___ Provided data
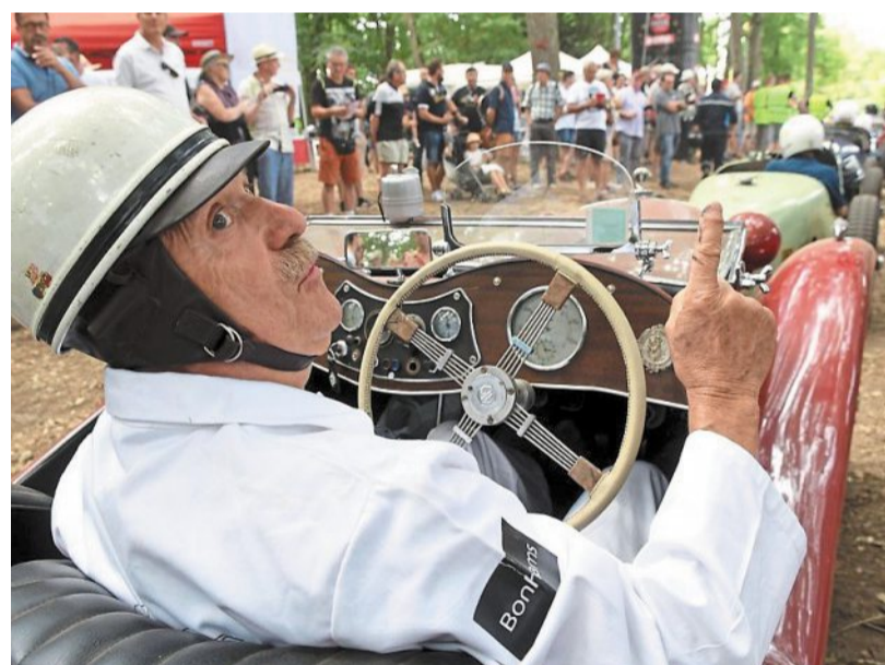
Le Grand Prix rétro, un état d'esprit qui se partage !
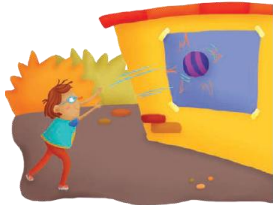
Imagen 3. adaptada de Educación Física Quinto grado (p. 24) Nurivan Vilorio 2010, Secretaria de Educación Pública.
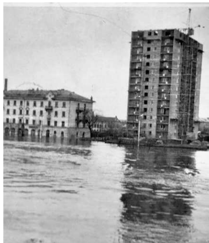
Паводок 1970 года

Узнать, где массово зимует рыба, которую нельзя тревожить, можно на портале Орловской области — www.orel-region.ru
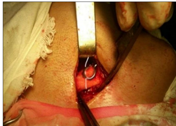
Сүр. 4. Сыныктын сызыгына «КоллапАн» гели сүйкөлүп, кайра калыбына келүүчү имплант менен кадакталган.

3 топчодогу 40 бейтапка сөөктү тигип кадактоо ыкмасы астыңкы жаактын бурчунан жана негизинен сынган сыныктарда колдонулду. Тигип кадактоо жолдору төмөндөгүдөй жүргүзүлгөн: бул үчүн дат баспай турган болоттон жасалган зым керектелет. Астыңкы жаактын бурчунан терини 4,0-5,0 см узундукта кесип, сөөктүн жараат алган бөлүгүн ачып, сынык сызыгынын сырткы жана ички эки тарабынан 1,5-2,0 см аралыкта сыныктын сөөк бөлүкчөлөрү чел кабыгы эки тарабынан ажыратылат. Жумшак ткандардын интерпозициясы жоюлуп, сыныктын арасына жана сынык сызыгына гидроксиапатит «КоллапАн» гели сүйкөлөт. Сыныктын бөлүктөрү ордуна коюлат жана сөөк тигилип кадакталат. Сөөктүн кортикалдык катмарынын ички жана тышкы бөлүгүнөн тешикчелер жасалат. Мындан кийин зым өткөрүлүп, ал астыңкы жаактын сырткы жагына буроо жолу менен бышытылат. Бышытуу 8 санына окшоштурулуп же Х формасында кайчылаштырылып, же жарыш ( = ) формасында кадакталып жасалат. Жараат кабаты менен тигилип, асептикалык таңуу жасалат (сүр. 5.)
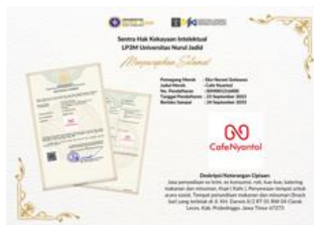
Gambar 4. Logo “Café Nyantol”, salah satu UMKM Kafe binaan BUMDES Clarak, yang berhasil didaftarkan sertifikasi merek dagang oleh tim peneliti

Untuk mengadaptasi pelaku usaha ke ekonomi digital yang berkembang, telah diadakan pelatihan dan pendampingan e-commerce. Pelatihan ini membekali pelaku usaha dengan keterampilan untuk mengelola toko online dan menerapkan strategi pemasaran digital, yang kritikal dalam meningkatkan visibilitas dan penjualan produk mereka di platform online.
______
§ **What you are asked to do**:
Output nothing but the records above, word for word, with the pictures removed.

§ **Solved exercise**:
Le Grand Prix rétro, un état d'esprit qui se partage !
Imagen 3. adaptada de Educación Física Quinto grado (p. 24) Nurivan Vilorio 2010, Secretaria de Educación Pública.
Паводок 1970 года

Узнать, где массово зимует рыба, которую нельзя тревожить, можно на портале Орловской области — www.orel-region.ru
Сүр. 4. Сыныктын сызыгына «КоллапАн» гели сүйкөлүп, кайра калыбына келүүчү имплант менен кадакталган.

3 топчодогу 40 бейтапка сөөктү тигип кадактоо ыкмасы астыңкы жаактын бурчунан жана негизинен сынган сыныктарда колдонулду. Тигип кадактоо жолдору төмөндөгүдөй жүргүзүлгөн: бул үчүн дат баспай турган болоттон жасалган зым керектелет. Астыңкы жаактын бурчунан терини 4,0-5,0 см узундукта кесип, сөөктүн жараат алган бөлүгүн ачып, сынык сызыгынын сырткы жана ички эки тарабынан 1,5-2,0 см аралыкта сыныктын сөөк бөлүкчөлөрү чел кабыгы эки тарабынан ажыратылат. Жумшак ткандардын интерпозициясы жоюлуп, сыныктын арасына жана сынык сызыгына гидроксиапатит «КоллапАн» гели сүйкөлөт. Сыныктын бөлүктөрү ордуна коюлат жана сөөк тигилип кадакталат. Сөөктүн кортикалдык катмарынын ички жана тышкы бөлүгүнөн тешикчелер жасалат. Мындан кийин зым өткөрүлүп, ал астыңкы жаактын сырткы жагына буроо жолу менен бышытылат. Бышытуу 8 санына окшоштурулуп же Х формасында кайчылаштырылып, же жарыш ( = ) формасында кадакталып жасалат. Жараат кабаты менен тигилип, асептикалык таңуу жасалат (сүр. 5.)
Gambar 4. Logo “Café Nyantol”, salah satu UMKM Kafe binaan BUMDES Clarak, yang berhasil didaftarkan sertifikasi merek dagang oleh tim peneliti

Untuk mengadaptasi pelaku usaha ke ekonomi digital yang berkembang, telah diadakan pelatihan dan pendampingan e-commerce. Pelatihan ini membekali pelaku usaha dengan keterampilan untuk mengelola toko online dan menerapkan strategi pemasaran digital, yang kritikal dalam meningkatkan visibilitas dan penjualan produk mereka di platform online.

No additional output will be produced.